Haverhill’s Education Support Professionals and School Committee Resume Talks Today

(File photograph.)

Haverhill’s education support professionals and the Haverhill School Committee are scheduled to try again today to resolve differences over proposed pay increases.

The ESPs, represented by the Haverhill Education Association, are calling for more progress toward earning, what they call, a “living wage.” Maureen Zuber, the ESP’s bargaining team chair, said the approximately 180 employees are asking for a 2% wage increase retroactive to the start of this school year and next, plus a $4,000 raise next year.

“Our proposal will accelerate our progress toward a living wage by bringing the starting salary for ESPs to $25,000 starting next school year,” Zuber said in a statement. “Haverhill’s ESPs have been undervalued and underpaid for long enough. It’s time for a market correction not just in Haverhill but across the country to make sure these educators and all school staff are compensated fairly for the essential services they provide.”

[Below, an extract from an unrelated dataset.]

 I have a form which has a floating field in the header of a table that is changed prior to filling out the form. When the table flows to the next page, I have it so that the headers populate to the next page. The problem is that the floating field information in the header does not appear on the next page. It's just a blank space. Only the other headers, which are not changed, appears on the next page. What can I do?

Elaborating, Haverhill Education Association President Anthony J. Parolisi told WHAV, such professionals have historically been paid “poverty wages” statewide, but there has been recent progress in places such as Somerville. He explained, “We’re trying to set a new standard.” Parolisi said the union’s interpretation of MIT’s living wage calculator for Essex County is an annual wage of $34,000 for one adult with no children if they work 2,080 hours per year.

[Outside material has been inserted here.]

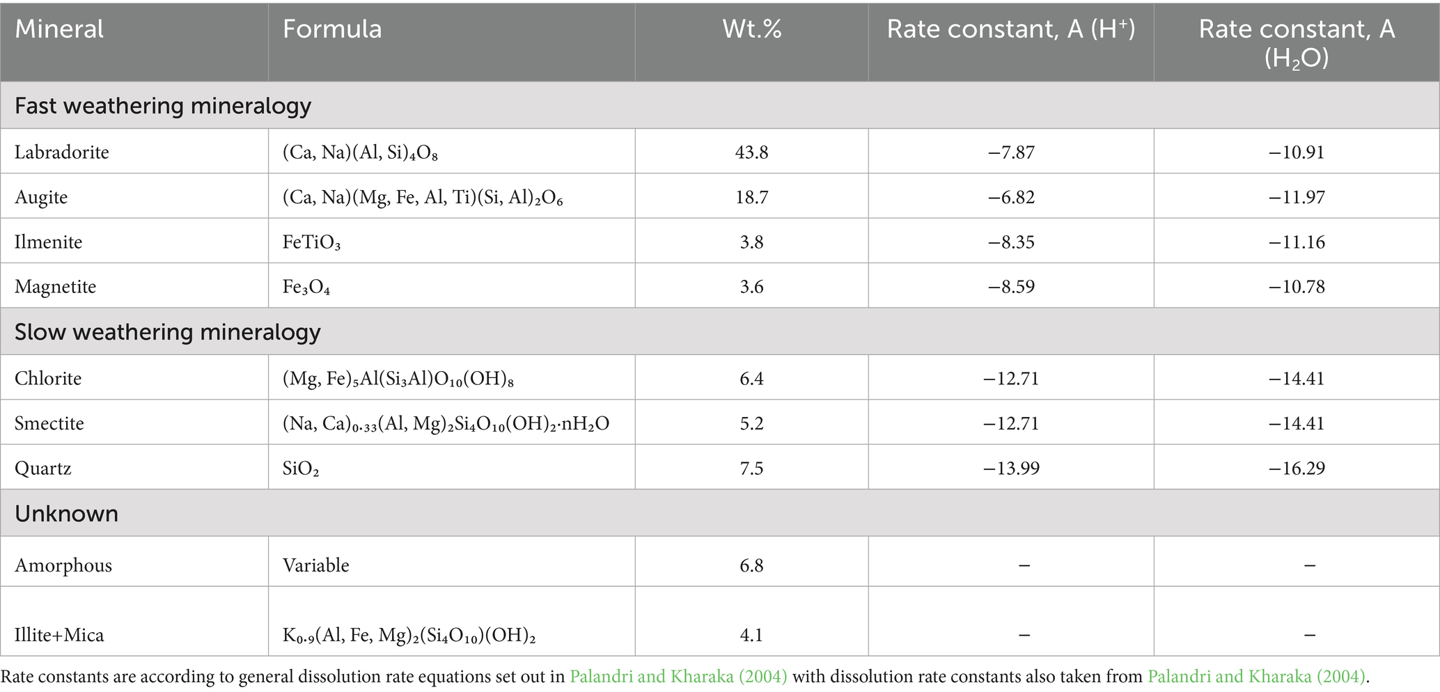 Table 2. Measured rock mineralogy, accompanied by log-dissolution rate constants for the acidic (H+) and neutral (H2O) dissolution rate mechanisms at 25°C.

The contract between the ESPs and school department expired last June and was initially stalled by the coronavirus outbreak last spring. Talks resumed last fall. Parolisi said the city has the money thanks to the Student Opportunity Act. Instead, Parolisi said, “I think some are worried about setting a precedent for other low-wage workers to organize around their own living wage demands.”

Zuber said the School Committee prefers to take “a slower, incremental path” to paying more. She said she has been waiting since her youngest daughter Kimberly started first grade, adding, “Well, my daughter is now a junior in college at UMass. I think I have waited long enough.”